# Sinking Ricca? Did i get scammed?



## thebsuguy (Jul 14, 2012)

So i purtachesed a golf ball size of Ricca online from a Ebay seller that had a very good rep.

However, with no current, when I placed it in my 29G tank, and just let it free float, about half it sunk.

been a day, and its still not floating. Its not super green, but green. 

This ricca? is this normal?


----------



## ZebraDanio12 (Jun 17, 2011)

Ricca is a floating plant. It has to be tied down.


----------



## thebsuguy (Jul 14, 2012)

ZebraDanio12 said:


> Ricca is a floating plant. It has to be tied down.


So it shouldn't sink What so ever?


----------



## ZebraDanio12 (Jun 17, 2011)

thebsuguy said:


> So it shouldn't sink What so ever?


I don't think so. Just tied it down to a rock.


----------



## grogan (Jan 23, 2011)

I have had some that sinks and some that floats.
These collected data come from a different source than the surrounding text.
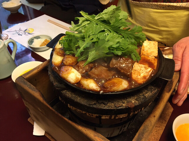 牛鍋は評判通り、期待を裏切らない旨さ。
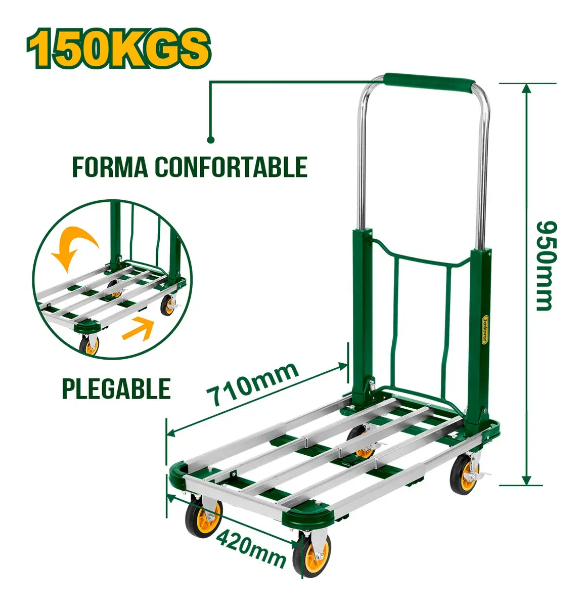 CARRETILLA DE MANO DE PLATAFORMA PLEGABLE - CILINDRO DE ALUMINIO - BASE DE ACERO 150KG - 710 X 420 X 950MM (EXTENDIDO)
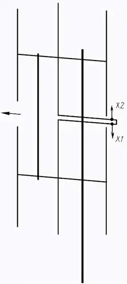 Диэлектрическая мачта (например, стеклопластиковая) и изоляционная распорка расположены в промежутках между элементами. На рис. 9 они показаны более жирными линиями. Кабель питания лучше отводить горизонтально за рефлекторы и возвращать к мачте широкой петлёй, подальше от концов рефлектора. На этом участке (вблизи антенны) через каждые 0,5 м на кабель желательно надеть трубчатые ферритовые магнитопроводы (от кабелей питания мониторов).
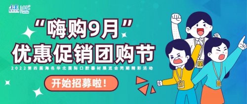9月22-24日华北口腔展开展期间,组委会将在现场设置“嗨购9月”优惠促销团购节活动现场,参与企业展位布置将会有活动显著标识,并可获得现场采访1次及媒体宣传报道机会,拥有精准客户采购团面对面交流、供需对接洽谈机会。
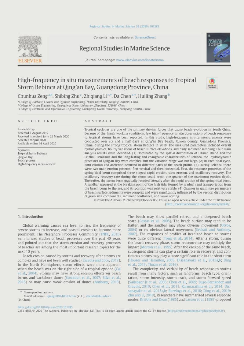 近日,博彩网 陈达教授指导的博士研究生曾春华在《Regional Studies in Marine Science》(二区)上发表了题为“High-frequency in situ measurements of beach responses to Tropical Storm Bebinca at Qing’an Bay, Guangdong Province, China”的学术论文。
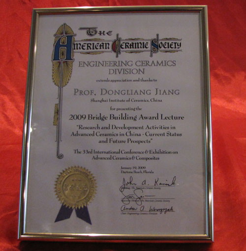 近日,美国陶瓷学会工程陶瓷分会授予中国工程院江东亮院士桥建奖(BridgeBuildingAward),这是该奖设立以来第一次授予中国材料科学家。2009年1月19—23日在美国佛罗里达州德塔纳海滩召开的第33届国际先进陶瓷及复合材料会议(33rdInternationalConference & Exhibition of AdvancedCeramics&Composites)上,美国陶瓷学会工程陶瓷分会授予江东亮院士桥建奖(BridgeBuildingAward)。该奖是专门授予国际著名材料科学家,每年一名,以表彰他们对世界先进工程陶瓷和陶瓷基复合材料等方面做出的杰出贡献。江东亮院士应邀在大会上作“R&DofAdvanced Ceramics Activities in China and Shanghai InstituteofCeramics Chinese Academy ofSciences”特邀报告。该报告介绍了中国和中国科学院上海硅酸盐研究所在先进陶瓷、陶瓷基复合材料、透明陶瓷、纳米介孔材料、生物材料以及制备科学等领域所取得的重要进展和贡献。由于受到签证延误,报告由董绍明研究员代为宣读并受到出席会议代表的广泛好评。出席本次会议的世界各国代表达1200余人。江东亮院士长期从事先进陶瓷及其复合材料的研究和发展工作,并做出了杰出贡献。他涉及的研究领域有微晶结构氧化铝陶瓷、氧化铝基金属陶瓷、高纯度氧化铝陶瓷、高强度碳化硅基陶瓷及其复合材料、SiC/Si3N4梯度和层状复合材料,并在水基流延成型和水基泥浆胶注成型领域颇有建树。目前江院士的研究兴趣集中在生物材料、透明陶瓷和纳米陶瓷复合材料等。江院士始终致力于国际陶瓷间的合作与发展。发表学术论文250余篇,出版著作3本,拥有专利18项,获主要奖项10余项,1993年被选为世界陶瓷科学院院士。
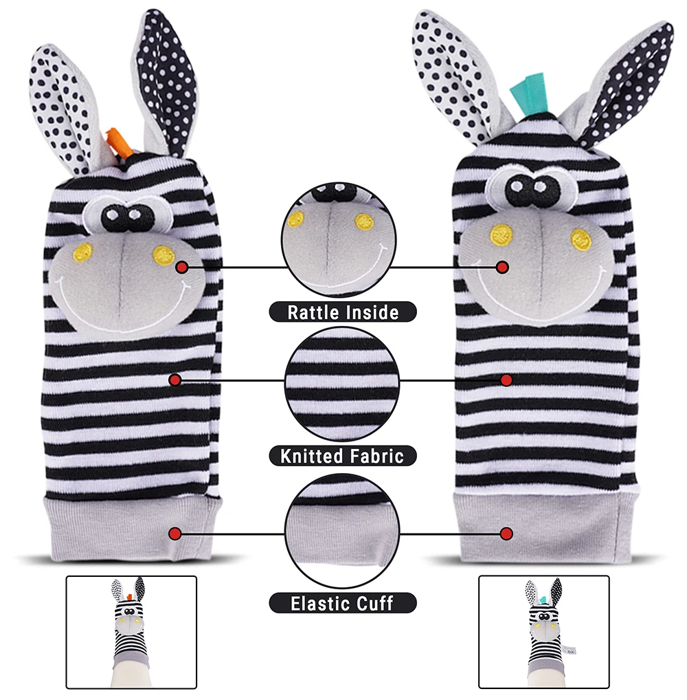 1: RATOS PARA BEBÊ DE 0 a 6 MESES: Esses brinquedos para bebês de 0 a 3 meses projetados com cores de alto contraste e looks de animais sorrentes.Estes chocalhos para bebês de 0 a 6 meses 2 peças de chocalhos de pulso e 2 peças de meias de chocalho para bebês de 0 a 6 meses.Este brinquedo de chocalho infantil é uma escolha inteligente para bebês de 6 a 12 meses.
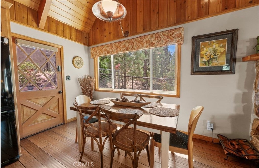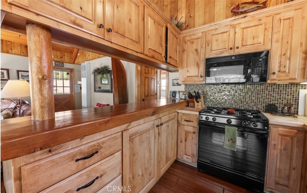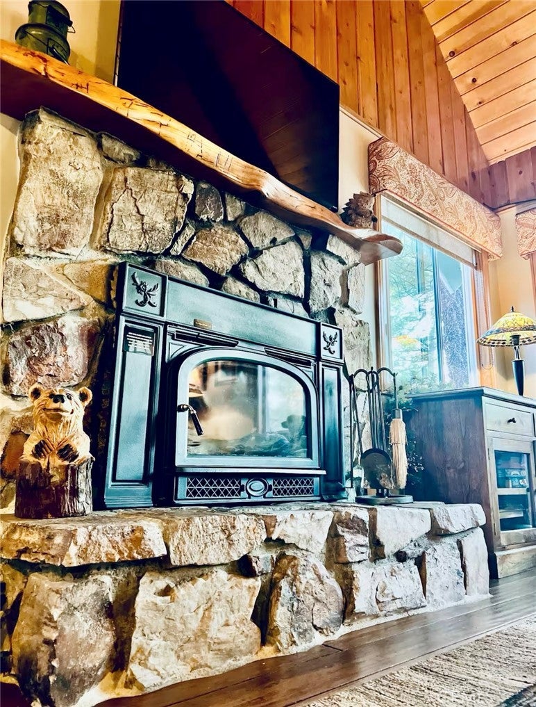 Charming Cabin in a Prime Location! Located near dining, shopping, and year-round activities, this inviting cabin blends rustic charm with thoughtful updates. Inside, you’ll find a warm neutral color palette, dual-pane windows, wood trim, and blinds. The kitchen features beautiful hickory cabinets with self-closing drawers, black appliances, butcher block counters, mosaic tile backsplash, farmhouse sink, and a dining area. The living room boasts vaulted open-beam tongue-and-groove ceilings, a stone fireplace with efficient wood-burning insert, and durable bamboo flooring—perfect for snowy days. The bathroom is beautifully updated with ceramic tile, a stone countertop, and set up for heated floors. Two main-level bedrooms showcase tongue-and-groove ceilings, mirrored closets, individual wall heaters, and carpet. The loft-style third bedroom offers built-in storage, large windows, and a ceiling fan. The separate garage includes a washer & dryer area and plenty of storage. Outside, the large lot provides ample parking, mature trees, a fenced backyard, and a spa for relaxing after a day of mountain adventures. This cabin is the perfect blend of mountain character and modern comfort—ready for your weekend getaway or full-time retreat!
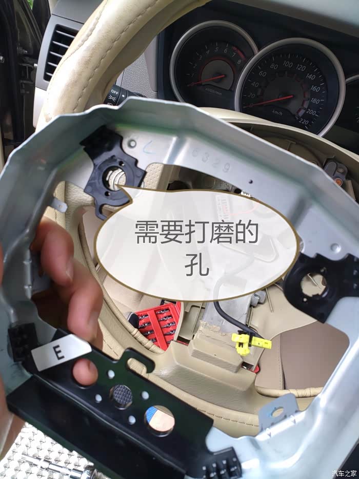 第一步这一点很重要,注意了,一定要熄火断电瓶负极,断电时间长一点,让静电余电跑跑,这点很重要,不然拆气囊就容易发生爆炸,我是断20分钟左右吧,主要是因为买工具耽误了一会时间,对了大家要准备工具有小刀,小铁搓,砂纸,内六角梅花的(中间有孔的那种),小的平口螺丝刀,越小越好大概就这些吧
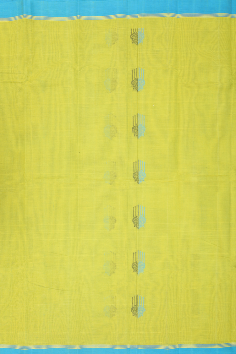 Kanchi Cotton Saree In Lime Green With Threadwork Buttas

However, it should be a very bright green. Post a pic


----------



## thebsuguy (Jul 14, 2012)

grogan said:


> I have had some that sinks and some that floats. However, it should be a very bright green. Post a pic



I think that it was a sorta yellowish due to shipping. But its a bight green right now, Im sure over next few days it will get a darker green. 

I have read many articles that some riccia sinks. Some say its a diffrent type of riccia, and some say its riccia in hybernation....either way, Its alive, and thats what I care about.

Thanks for the reply guys, Ill get a pic up once it starts growing a bit.


----------